§ Action item: Reproduce each line of the following material exactly, omitting the images.

§ Supplied data:
────────────────────────────────────────

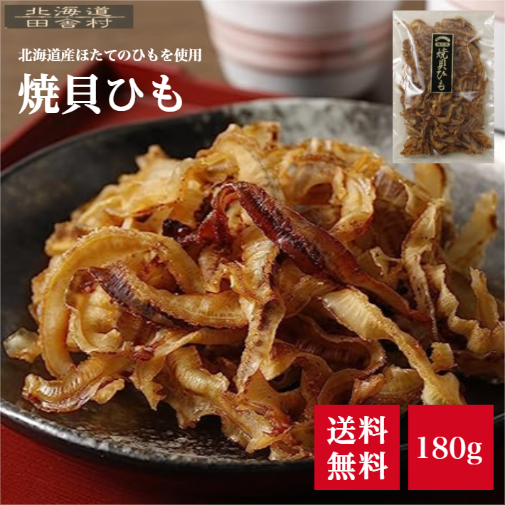 北海道産 焼貝ひも 180g 【送料無料】ほたて 帆立みみ おつまみ 珍味 不二屋 国産 貝ひも、帆立ミミ 帆立耳 ホタテ
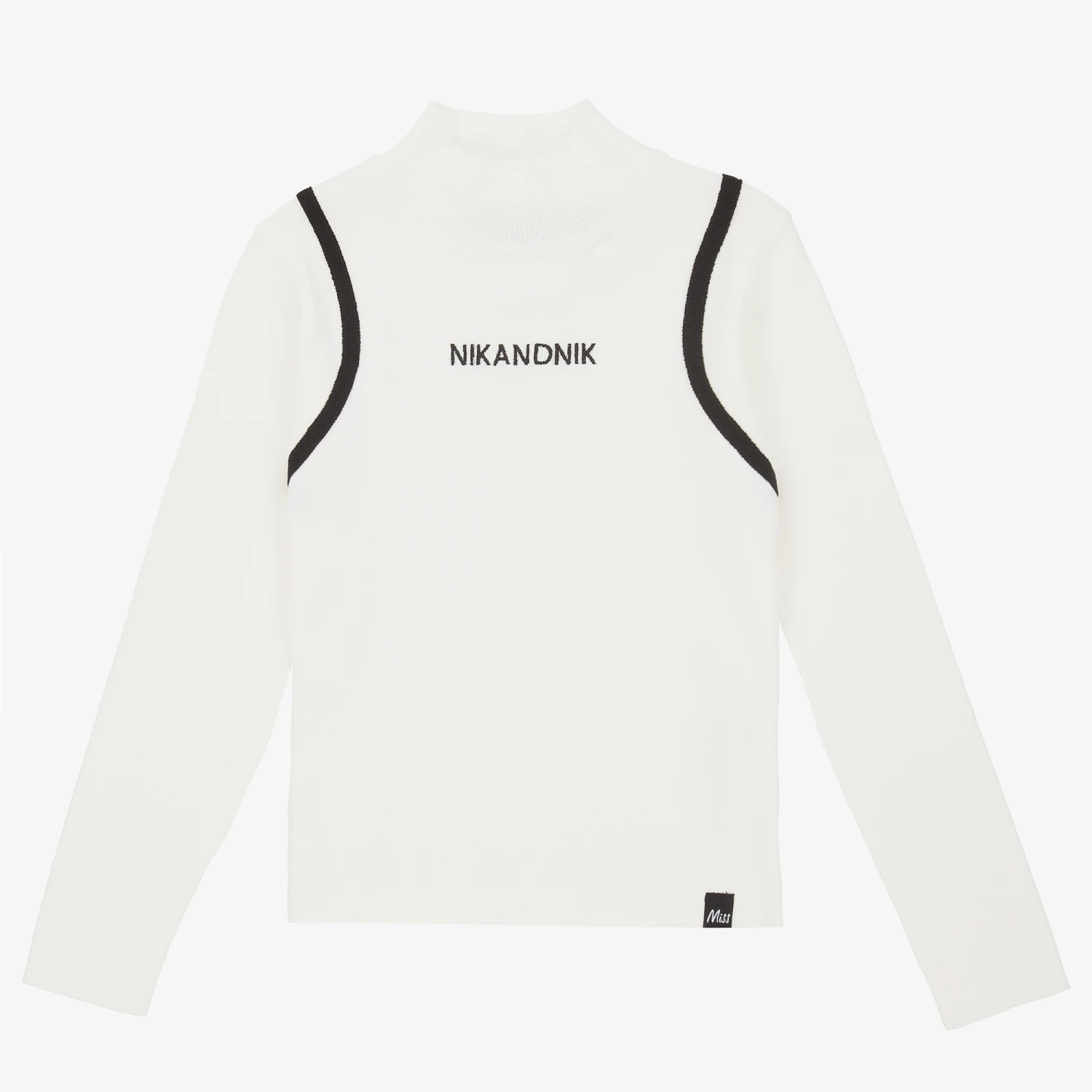 Girls off-white turtleneck top from NIK&NIK, knitted in soft and lightweight viscose. It has black trim and an embroidered black logo on the chest.
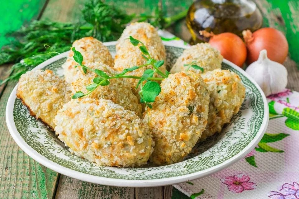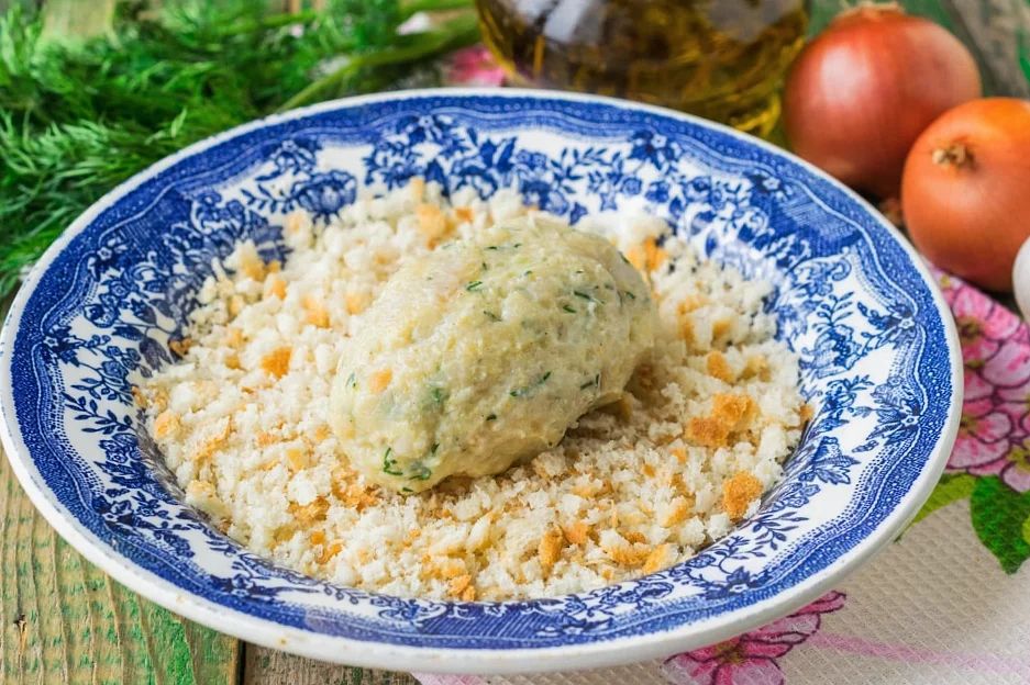 Смачивая руки в холодной воде, формуем котлеты. Обваливаем их в оставшихся хлебных крошках. Из указанного количества ингредиентов должно получиться 9 котлеток.
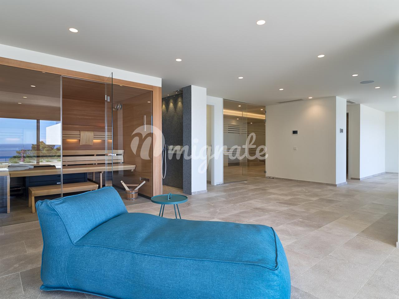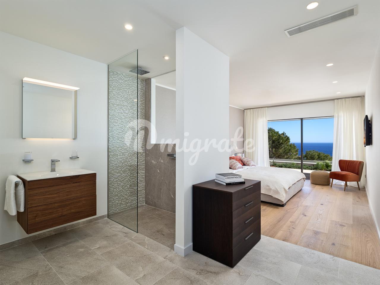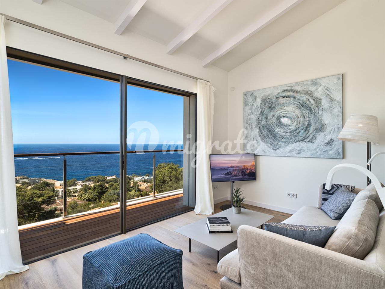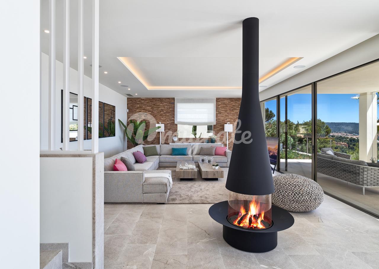 Новая современная вилла с захватывающими видами на море расположена на популярном курорте Санта-Понса на юго-западном побережье Майорки, в 6 км от Магалуфа.

────────────────────────────────────────

§ Output of the exercise:
 北海道産 焼貝ひも 180g 【送料無料】ほたて 帆立みみ おつまみ 珍味 不二屋 国産 貝ひも、帆立ミミ 帆立耳 ホタテ
 Girls off-white turtleneck top from NIK&NIK, knitted in soft and lightweight viscose. It has black trim and an embroidered black logo on the chest.
 Смачивая руки в холодной воде, формуем котлеты. Обваливаем их в оставшихся хлебных крошках. Из указанного количества ингредиентов должно получиться 9 котлеток.
 Новая современная вилла с захватывающими видами на море расположена на популярном курорте Санта-Понса на юго-западном побережье Майорки, в 6 км от Магалуфа.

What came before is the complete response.